Allergies – What Are My Options For Treatment?

I am still getting a daily alert from the Weather Channel that the ragweed and tree pollen is very high! Last week we talked about over the counter options to help battle the ragweed effects. This week, let’s talk about the pharmaceutical options.

There are many antihistamines available by prescription only such as Xyzal, Tripohist, or Phenergan. The latter two are known as first-generation anti-histamines. They tend to cause more drowsiness. You might recognize Phenergan as a nausea/vomiting medicine also. Xyzal is considered a second-generation antihistamine like Allegra, which is now over the counter. They don’t tend to cause as much of a drowsiness effect – or they are not supposed to. ( I mentioned Zyrtec last week as tending to cause more drowsiness – though it is considered a 2nd gen.)

We already talked about the decongestants last week – pseudoephedrine and phenylephrine. Both are non-prescription in Texas, but in some states pseudoephedrine is prescription only.

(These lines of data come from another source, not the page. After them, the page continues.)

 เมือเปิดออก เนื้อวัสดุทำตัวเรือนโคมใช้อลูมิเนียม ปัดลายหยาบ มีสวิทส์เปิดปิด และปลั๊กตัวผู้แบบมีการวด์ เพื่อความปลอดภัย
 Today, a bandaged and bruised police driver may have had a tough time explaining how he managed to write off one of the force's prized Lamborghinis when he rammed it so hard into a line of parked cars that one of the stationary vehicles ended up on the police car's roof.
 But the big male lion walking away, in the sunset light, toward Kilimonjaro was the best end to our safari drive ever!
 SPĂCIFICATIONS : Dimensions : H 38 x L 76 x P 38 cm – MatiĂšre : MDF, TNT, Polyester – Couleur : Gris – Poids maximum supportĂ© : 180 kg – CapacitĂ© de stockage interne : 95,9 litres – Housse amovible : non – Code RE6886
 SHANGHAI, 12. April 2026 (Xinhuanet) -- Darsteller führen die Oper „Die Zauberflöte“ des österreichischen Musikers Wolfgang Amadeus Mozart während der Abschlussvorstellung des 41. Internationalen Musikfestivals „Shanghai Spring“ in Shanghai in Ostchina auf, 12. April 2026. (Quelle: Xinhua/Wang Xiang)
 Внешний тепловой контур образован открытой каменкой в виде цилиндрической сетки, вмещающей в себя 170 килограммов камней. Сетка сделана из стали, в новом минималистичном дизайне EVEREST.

There are many steroid nasal sprays which are still by prescription only, including Beconase AQ, Dymista, Flunisolide, Nasonex, Omnaris, Rhinocort Aqua, and Veramyst. “Exact mechanism of anti-inflammatory action unknown,” (Epocrates Plus, Version 15.8) but they work to unclog your nasal passages. My tip is to bend over for 30 seconds – just like Flonase and Nasacort.

Typically accompanying the drainage and inflammation of an allergy attack is a tickly cough, maybe with a sore throat. Benzonatate reduces the cough reflex, which can bring great relief when you are trying to sleep. The other two prescription antitussives (cough medicines) are codeine and hydrocodone. These are Schedule II controlled substances, which have high abuse potential, and Innovative Healthcare does not prescribe them.

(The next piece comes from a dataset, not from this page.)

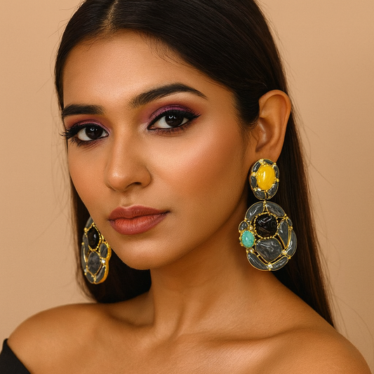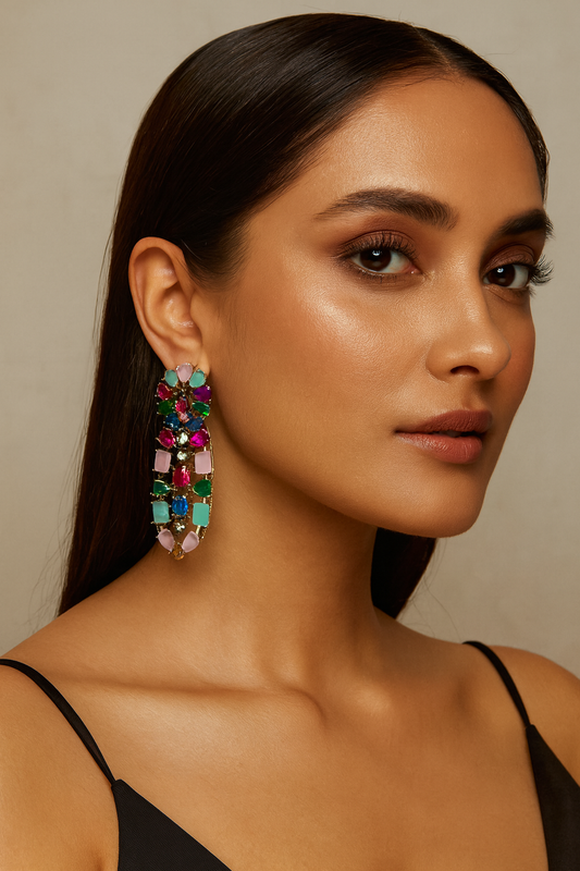 Statement Drop Earrings with Red Ruby & Green Emerald Doublet for women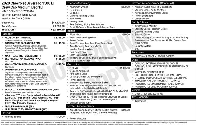 10-Way Power Driver Seat w/Lumbar, 12-Volt Rear Auxiliary Power Outlet, 120-Volt Instrument Panel Power Outlet, 2 USB Ports, 220 Amps Alternator, 3.42 Rear Axle Ratio, 40/20/40 Front Split-Bench Seat, Advanced Trailering Package, Advanced Trailering System, Convenience Package, Convenience Package II, Dual-Zone Automatic Climate Control, Electric Rear-Window Defogger, Electrical Lock Control Steering Column, Enhanced Cooling Radiator, EZ Lift Power Lock & Release Tailgate, HD Radio, HD Rear Vision Camera, Heated Driver & Front Outboard Passenger Seats, Heated Steering Wheel, Heavier Duty Rear Springs, Hitch Guidance w/Hitch View, Increased RGAWR, Integrated Trailer Brake Controller, Keyless Open & Start, Leather Wrapped Steering Wheel, LED Cargo Area Lighting, Manual Tilt/Telescoping Steering Column, Max Trailering Package, Power Sliding Rear Window w/Rear Defogger, Radio: Chevrolet Infotainment 3 Plus System, Rear Dual USB Charging-Only Ports, Remote Vehicle Starter System, SiriusXM w/360L, 120-Volt Bed Mounted Power Outlet, 2 USB Ports (First Row), 4-Way Manual Driver Seat Adjuster, 4-Wheel Disc Brakes, 4.2" Diagonal Color Display Driver Info Center, 40/20/40 Front Split Bench Seat, 4G LTE Wi-Fi Hot Spot Capable, 6 Speakers, ABS brakes, Air Conditioning, All-Star Edition, All-Weather Floor Liner (LPO), Alloy wheels, Apple CarPlay/Android Auto, Auto-Dimming Inside Rear-View Mirror, Auxiliary External Transmission Oil Cooler, Bed Protection Package, Bluetooth® For Phone, Brake assist, Bumpers: chrome, Chevrolet Connected Access Capable, Chevytec Spray-On Black Bedliner, Chrome Assist Steps, Chrome Grille, Chrome Mirror Caps, Cloth Rear Seat w/Storage Package, Cloth Seat Trim, Color-Keyed Carpeting Floor Covering, Compass, Deep-Tinted Glass, Delay-off headlights, Driver door bin, Driver vanity mirror, Dual front impact airbags, Dual front side impact airbags, Electronic Stability Control, External Engine Oil Cooler, Front anti-roll bar, Front Center Armrest w/Storage, Front Frame-Mounted Black Recovery Hooks, Front reading lights, Front Rubberized Vinyl Floor Mats, Front wheel independent suspension, Fully automatic headlights, Heated door mirrors, Heavy Duty Suspension, Heavy-Duty Rear Locking Differential, Hitch Guidance, Illuminated entry, Locking Tailgate, Low tire pressure warning, Manual Tilt-Wheel Steering Column, Occupant sensing airbag, OnStar & Chevrolet Connected Services Capable, Outside temperature display, Overhead airbag, Overhead console, Panic alarm, Passenger door bin, Passenger vanity mirror, Power Door Locks, Power door mirrors, Power Front Windows w/Driver Express Up/Down, Power Front Windows w/Passenger Express Down, Power Rear Windows w/Express Down, Power steering, Power windows, Preferred Equipment Group 1LT, Pwr-Adjustable Vertical Trailering Outside Mirrors, Radio data system, Radio: Chevrolet Infotainment 3 System, Rear 60/40 Folding Bench Seat (Folds Up), Rear reading lights, Rear Rubberized-Vinyl Floor Mats, Rear step bumper, Rear Vision Camera, Rear Wheelhouse Liners, Remote Keyless Entry, Remote keyless entry, Single-Zone Manual/Semi-Automatic Air Conditioning, Speed control, Speed-sensing steering, Split folding rear seat, Steering Wheel Audio Controls, Steering wheel mounted audio controls, Steering Wheel Mounted Electronic Cruise Control, Tachometer, Theft Deterrent System (Unauthorized Entry), Tilt steering wheel, Traction control, Trailering Package, Trip computer, Universal Home Remote, Urethane Steering Wheel, Variably intermittent wipers, Voltmeter, Wheels: 17" x 8" Bright Silver Painted Aluminum, Wheels: 18" x 8.5" Bright Silver Painted Aluminum, 10-Way Power Driver Seat w/Lumbar, 12-Volt Rear Auxiliary Power Outlet, 120-Volt Instrument Panel Power Outlet, 2 USB Ports, 220 Amps Alternator, 3.42 Rear Axle Ratio, 40/20/40 Front

At times, it is appropriate to prescribe oral steroids to help with the inflammation associated with allergies. We do have injectable steroids that we use on occasion. Steroids should be used cautiously though. They increase blood sugar, increase blood pressure, and can cause some sleepless nights. We almost always do a CBC (complete blood count) in our office to make sure you are dealing with allergies and/or a bacterial infection, which can benefit from the effects of a steroid. If we find you have a viral process going on- like the common cold or the flu – we do not recommend a steroid because the infection will take longer to clear. However, in some specific circumstances, the effect of the steroid is needed and used with caution.

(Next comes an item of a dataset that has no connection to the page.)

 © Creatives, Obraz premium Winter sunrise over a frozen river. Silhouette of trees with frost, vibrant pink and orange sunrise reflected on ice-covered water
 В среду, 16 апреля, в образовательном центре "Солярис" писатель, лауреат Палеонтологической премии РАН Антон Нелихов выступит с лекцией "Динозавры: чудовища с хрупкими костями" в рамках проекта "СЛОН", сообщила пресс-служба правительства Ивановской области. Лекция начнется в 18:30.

A word about viral vs. bacterial vs. allergy: Viral infections DO NOT respond to antibiotics. Allergies DO NOT respond to antibiotics. Only bacterial infections respond to antibiotics. It is widely covered in the media that antibiotics are overused and overprescribed in the U.S., leading to the antibiotic resistance we see in the hospitals. All that said, your body can be fighting a virus or battling with allergies, and then when your resistance is down, a bacterial infection can set in. So if you are not better in the standard 2-3 day window after starting a particular regimen, come back to the clinic for a re-evaluation.